加速GraphDB上的SPARQL查询-Java 学习之路

我正在努力加快并优化此查询

select distinct ?root where { 
    ?root a :Root ;
          :hasnode* ?node ;
          :hasnode* ?node2 .

    ?node a :Node ;
           :hasAnnotation ?ann .
    ?ann :hasReference ?ref .
    ?ref a :ReferenceType1 .

    ?node2 a :Node ;
            :hasAnnotation ?ann2 .
    ?ann2 :hasReference ?ref2 .
    ?ref2 a :ReferenceType2 .

}

基本上，我正在分析一些树，我想得到所有树（即树的根），它们至少有几个底层节点，其格式如下：

?node_x a :Node ;
       :hasAnnotation ?ann_x .
?ann_x :hasReference ?ref_x .
?ref_x a :ReferenceTypex .

一个用 x = 1 ，另一个用 x = 2 .

因为在我的图中，一个节点最多只能有一个 :hasAnnotation 谓词，所以我不必指定那些节点必须是不同的 .

The problem

前面提到的查询描述了我需要的但是性能非常差 . 执行几分钟和几分钟后，它仍在运行 .

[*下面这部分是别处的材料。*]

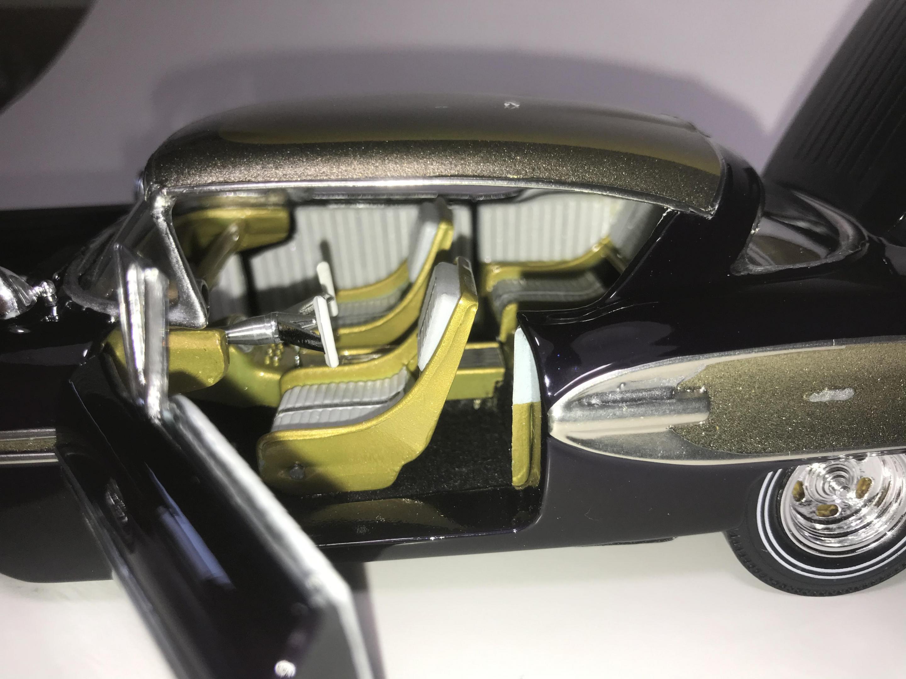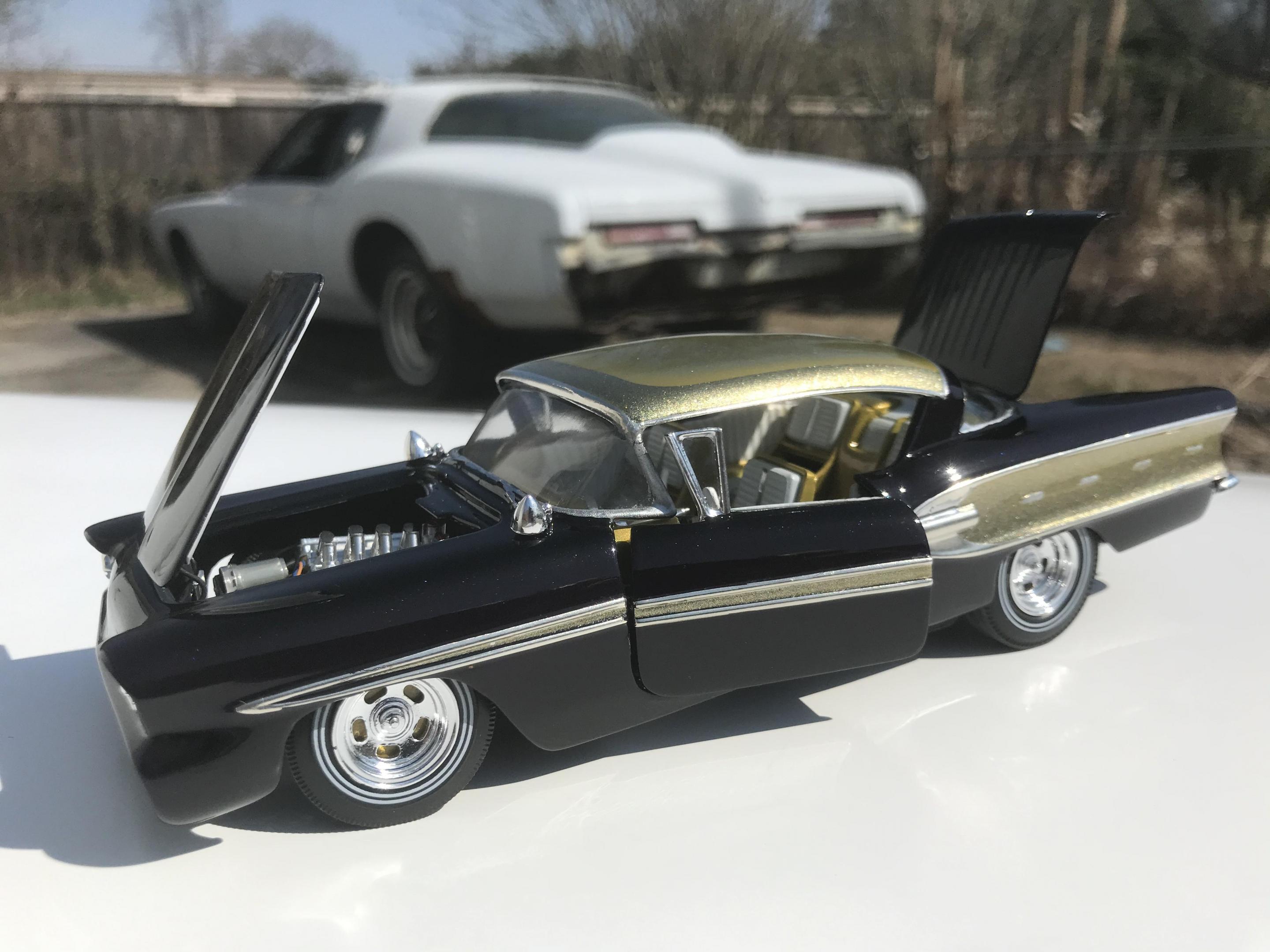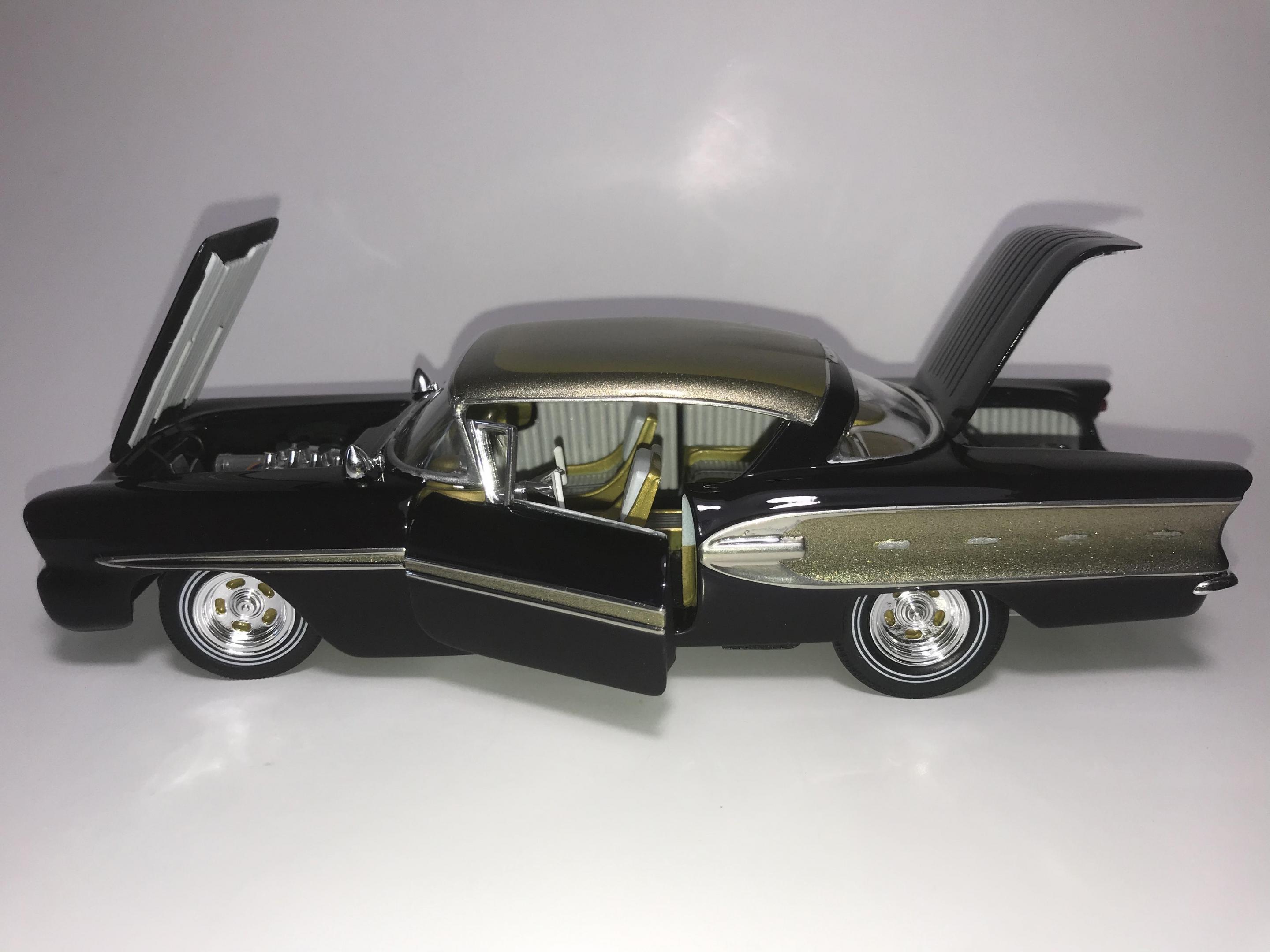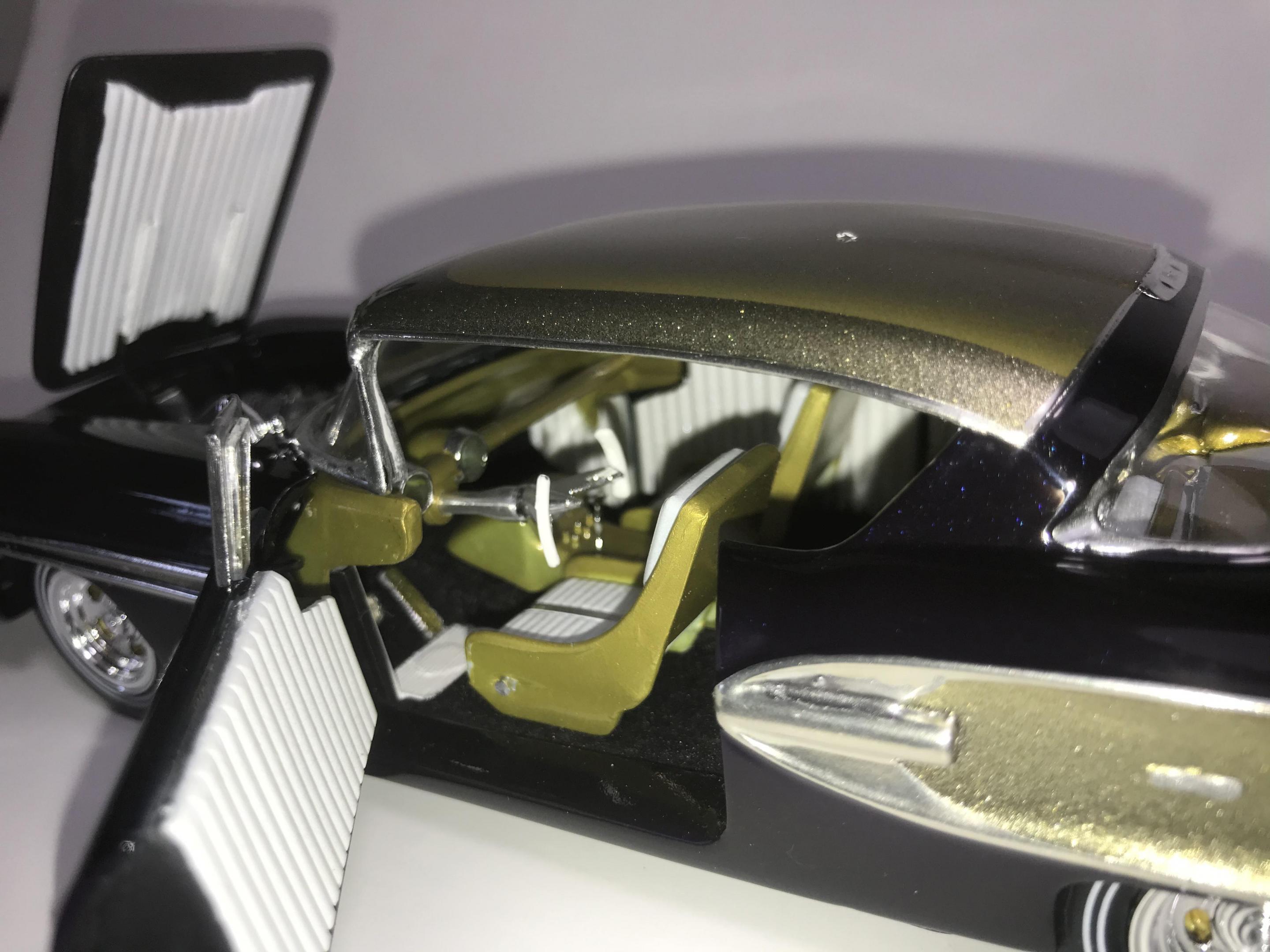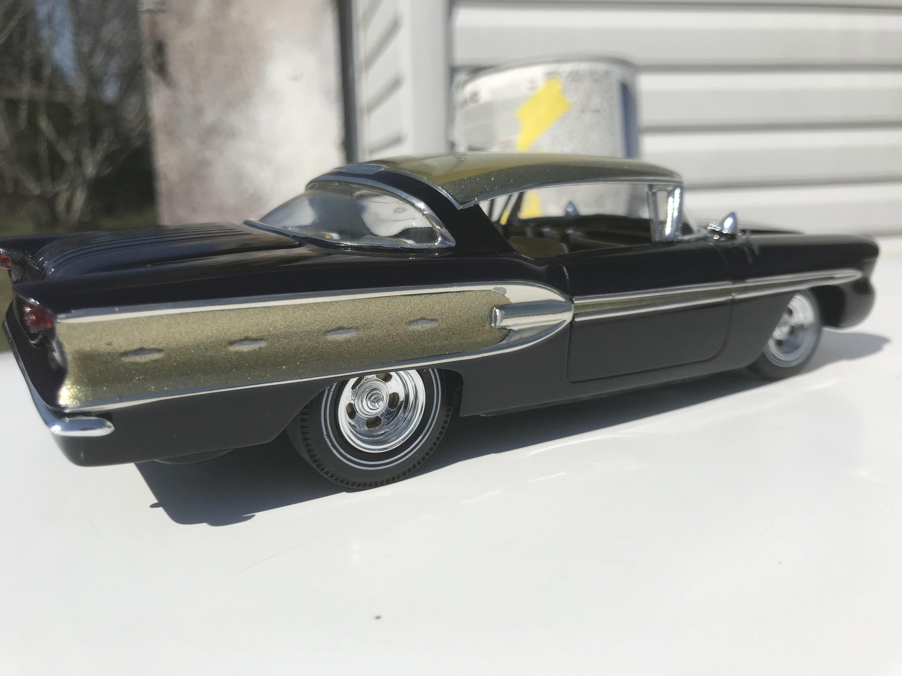 Here’s what once was a very badly busted up glue bomb, but for some reason I couldn’t just toss it in the trash, I worked on this on and off for about 7 years!! I had this picture of a early’60’s show car in my head with this model, so I started with piercing the body back together and then cutting it back apart, I pan caked the hood,then hinging the door, hood and trunk then rounding all the corners and molding all the jams, useing the custom interior, windows and chassis from the amt 58 Chevy impala made everything a lot easier on this build, tuck in roll interior, trunk and hood, motor is from a monogram predicta, wheels and tires are from the amt surf woody, custom rear bumper and front grille, topped with black and a pearl purple for the bitty and gold flake top everything topped with a 2 k clear, I’m sure I’m for getting something , I’m really glad to finally have this finished and on my shelf and out of my head !! I posted a lot of pics, may too many !!! Hope you like !! Thanks for looking!!

My (ugly) solution: breaking it in half

我注意到，如果一次查找节点模式，我会在几秒钟内得到我的结果（！） .

可悲的是，我目前的方法是运行以下两种查询类型：

select distinct ?root where { 
    ?root a :Root ;
          :hasnode* ?node .

    ?node a :Node ;
           :hasAnnotation ?ann_x .
    ?ann_x :hasReference ?ref_x .
    ?ref_x a :ReferenceTypex .
}

一个用 x = 1 ，另一个用 x = 2 .

将部分结果（即 ?root s）保存为2组，假设为 R1 和 R2 ，最后计算这些结果集之间的交集 .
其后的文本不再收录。